Cornelia de Lange syndrome

Fabrice Cuillier, MD*, M. S. Avignon, MD**, J. L. Alessandri, MD***, K. Comalli Dillon, BA, RDMS****

* Gynecologist, Hôpital Félix Guyon, 97400  Saint-Denis, Ile de la Réunion, France. Telephone: 0262 90 55 22; fax: 0262 90 77 30;
** Neonatologist, Hôpital Félix Guyon, 97400 Saint-Denis, Ile de la Réunion, France;
*** Gynecologist, Sainte-Clothilde Clinic, 97400 Saint-Denis, Ile de la Réunion, France;
**** Diagnostic Medical Sonographer, Editor, Translator, Novato, California.

Definition

Cornelia de Lange syndrome is a rare syndrome characterized by these associations:
 
1. Abnormal facies, featuring:

a. abnormal hairs; 
b. synophrysis  (hypertrophy and midline fusion of the eyebrows);
c. long curved eyelashes;  low anterior and posterior hairline);
d. upturned nose and downturned mouth corners;
e. dysgnathia (prognathia or mandibular protrusion; micrognathia) and a long philtrum.

2. Various upper limb anomalies; and
3. Intrauterine growth restriction.
 
In effect, Cornelia de Lange syndrome is characterized by short stature with intrauterine growth restriction (IUGR); very specific craniofacial anomalies with  micro-brachycephaly; and cognitive impairment with mental  retardation.  Various musculoskeletal malformations (essentially limb anomalies) and visceral anomalies may be associated as well.
 
Synonyms

Brachmann De Lange syndrome.
 
Case report

A 25-year-old patient was referred at 22 weeks GA to our prenatal unit for assessment of suspected IUGR with facial anomalies (abnormal fetal biometry on our patient's 22-week sonogram brought her case to our attention).  Her family history was noncontributive.
 
At 12 weeks, the initial sonographic exam was considered normal. Maternal plasma markers (taken at 16 weeks GA) assessed the risk of Down syndrome at 1/1000.
 
At 22 weeks, the second routine prenatal sonogram showed IUGR with micrognathia.
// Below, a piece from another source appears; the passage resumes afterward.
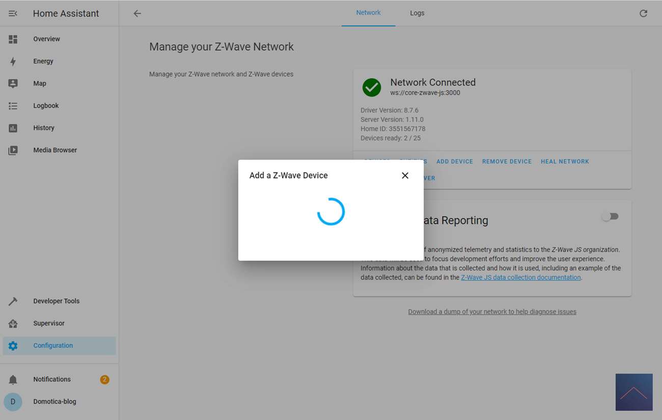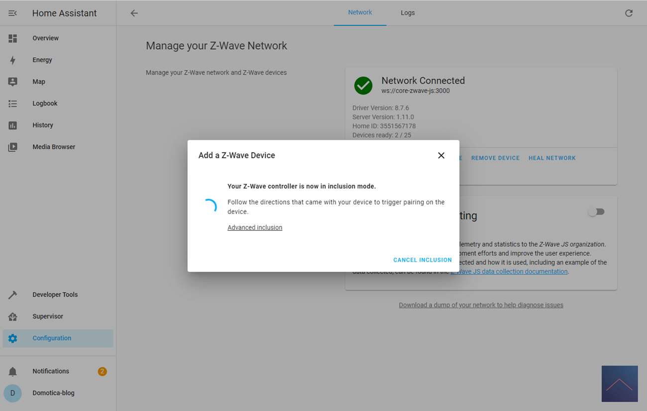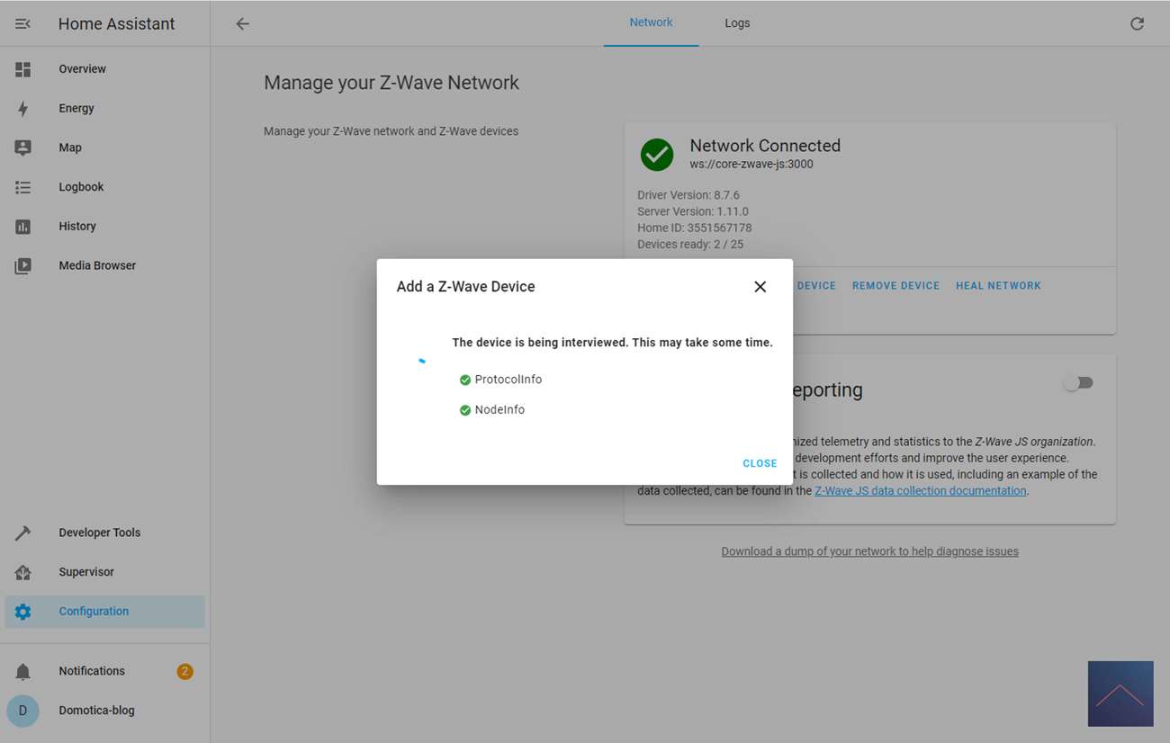Vervolgens starten we HASS op en gaan we naar je configuratie en hierna naar Z-Wave JS. Vervolgens klik je op "add device" om het toevoegen te starten. HASS geeft een korte melding dat het toevoegen is gestart.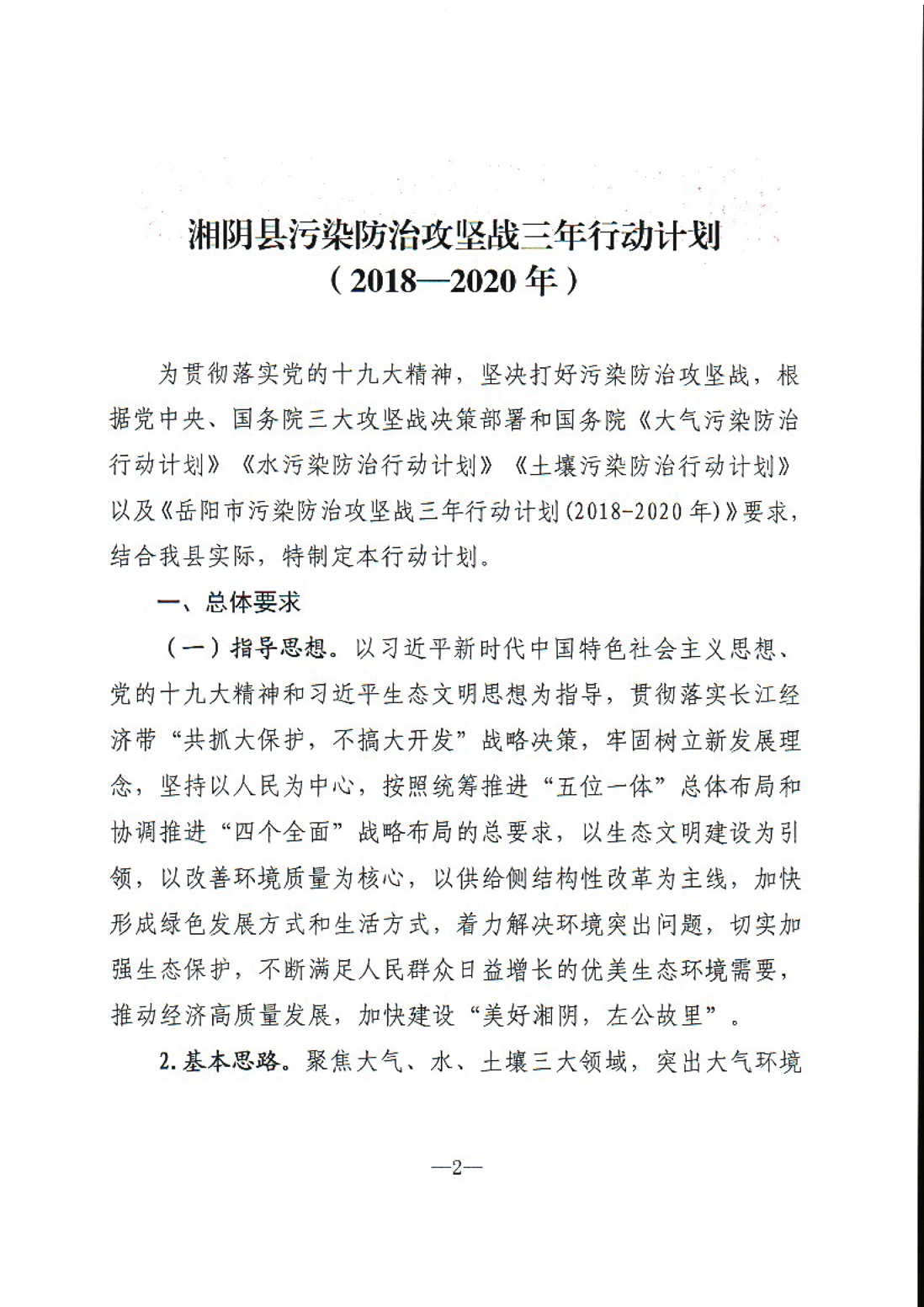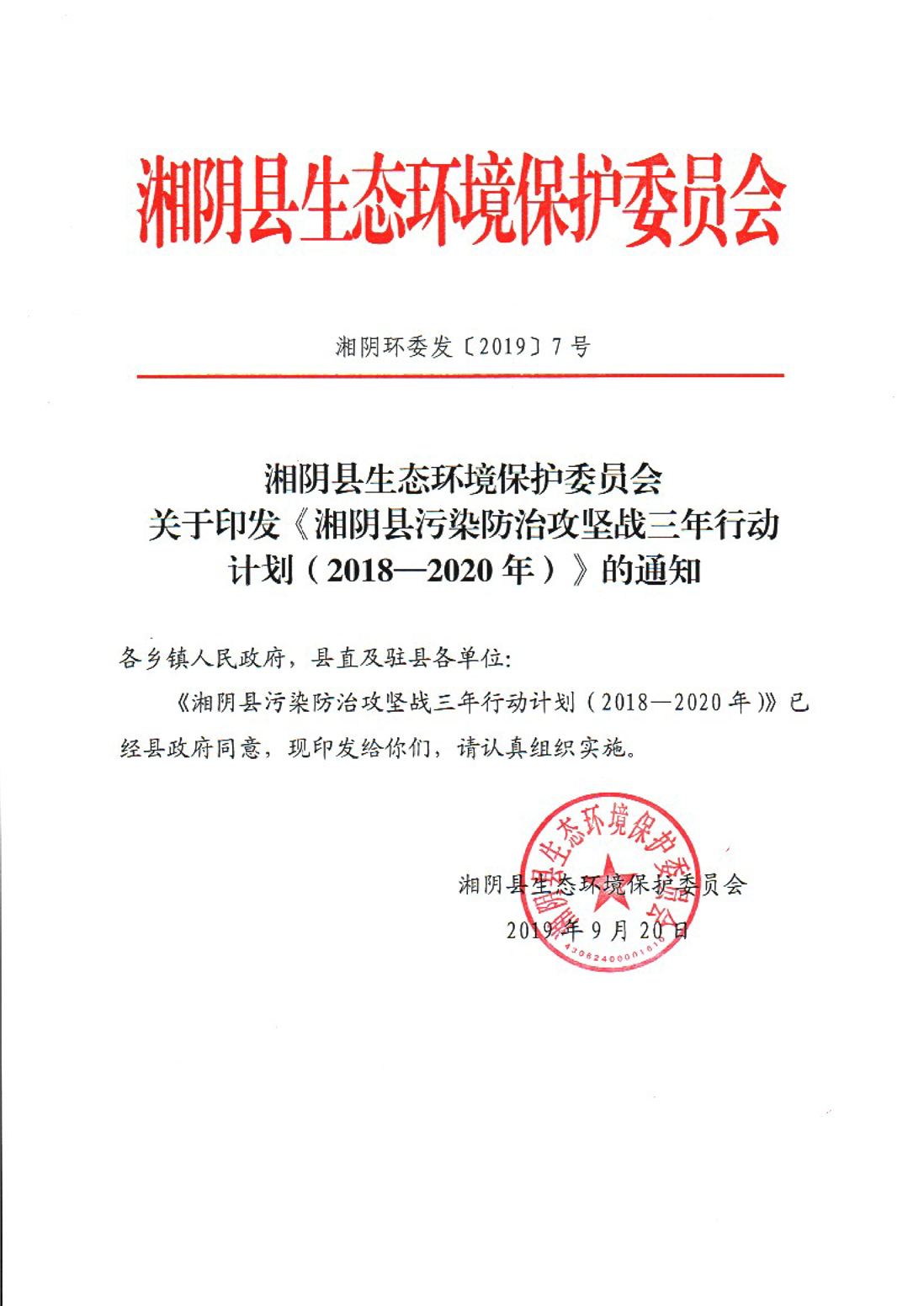 关于印发《湘阴县污染防治攻坚战三年行动计划(2018-2020年)》的通知

The patient was seen in our prenatal unit, and we discovered the following:

  • Cholecystomegaly (Figure 1);

  • Bilateral upper limb defects, with bilateral ulnar hypoplasia; abnormal number of left digits (Figures 2A--2G); and abnormal right digits (Figures 3A--3F). The feet were normal (Figures 4A, 4B);

  • A large ventriculoseptal defect with transposition of the  great vessels (Figures 5A--5D).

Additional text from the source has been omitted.